Description of the task: Locate the line that contains "wtyczką M12 | ||" in the entries below, then repeat it and every following line through the line that contains "3月18日(月)卒業間近の6", exactly, and no others.

The data:
★ ★ ★

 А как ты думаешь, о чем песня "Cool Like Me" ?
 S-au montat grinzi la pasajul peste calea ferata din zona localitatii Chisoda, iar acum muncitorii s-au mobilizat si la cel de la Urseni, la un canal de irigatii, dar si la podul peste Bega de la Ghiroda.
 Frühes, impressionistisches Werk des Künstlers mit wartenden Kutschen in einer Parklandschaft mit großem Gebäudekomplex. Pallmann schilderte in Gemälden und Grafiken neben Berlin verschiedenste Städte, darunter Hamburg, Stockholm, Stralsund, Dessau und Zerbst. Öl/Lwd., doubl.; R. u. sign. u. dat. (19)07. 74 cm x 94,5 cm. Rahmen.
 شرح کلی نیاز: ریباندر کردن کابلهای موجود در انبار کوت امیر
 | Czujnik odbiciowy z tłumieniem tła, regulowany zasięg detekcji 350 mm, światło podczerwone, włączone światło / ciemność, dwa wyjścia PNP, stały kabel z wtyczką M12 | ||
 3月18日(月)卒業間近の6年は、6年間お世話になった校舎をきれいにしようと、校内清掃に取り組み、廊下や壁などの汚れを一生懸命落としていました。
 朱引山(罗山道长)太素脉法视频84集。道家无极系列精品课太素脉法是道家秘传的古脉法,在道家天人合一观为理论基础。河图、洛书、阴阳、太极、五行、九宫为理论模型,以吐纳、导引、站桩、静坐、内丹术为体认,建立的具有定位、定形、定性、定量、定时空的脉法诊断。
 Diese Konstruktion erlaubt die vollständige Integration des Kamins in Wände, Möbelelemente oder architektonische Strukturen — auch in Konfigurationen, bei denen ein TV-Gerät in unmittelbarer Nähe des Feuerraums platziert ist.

★ ★ ★

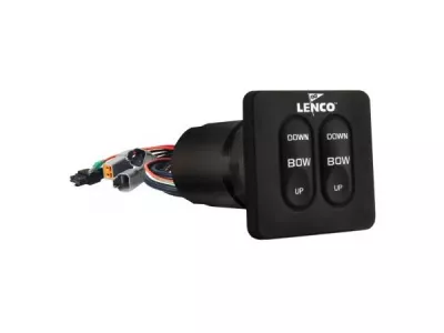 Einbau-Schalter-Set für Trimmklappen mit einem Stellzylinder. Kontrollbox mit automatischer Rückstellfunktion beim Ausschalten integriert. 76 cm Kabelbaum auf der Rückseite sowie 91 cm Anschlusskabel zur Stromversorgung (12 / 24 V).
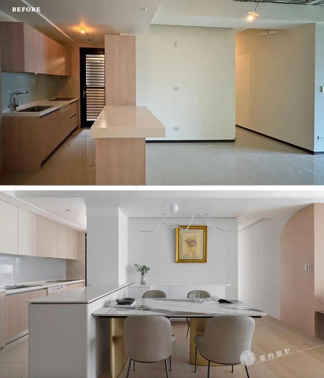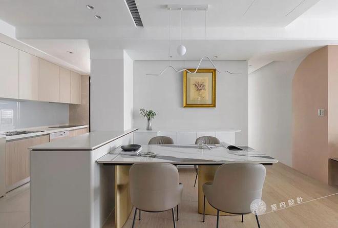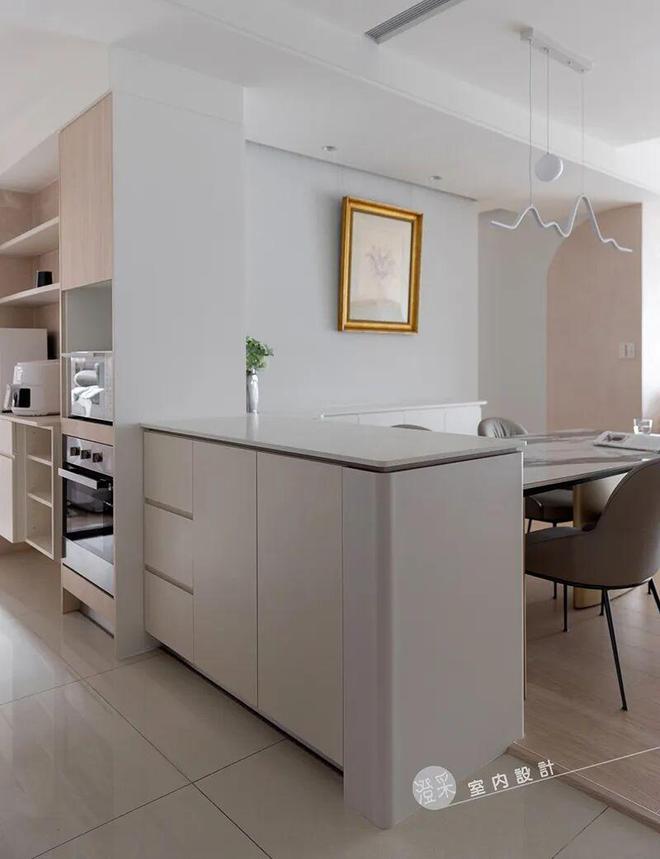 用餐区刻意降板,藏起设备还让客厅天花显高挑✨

★ ★ ★

Output below:
 | Czujnik odbiciowy z tłumieniem tła, regulowany zasięg detekcji 350 mm, światło podczerwone, włączone światło / ciemność, dwa wyjścia PNP, stały kabel z wtyczką M12 | ||
 3月18日(月)卒業間近の6年は、6年間お世話になった校舎をきれいにしようと、校内清掃に取り組み、廊下や壁などの汚れを一生懸命落としていました。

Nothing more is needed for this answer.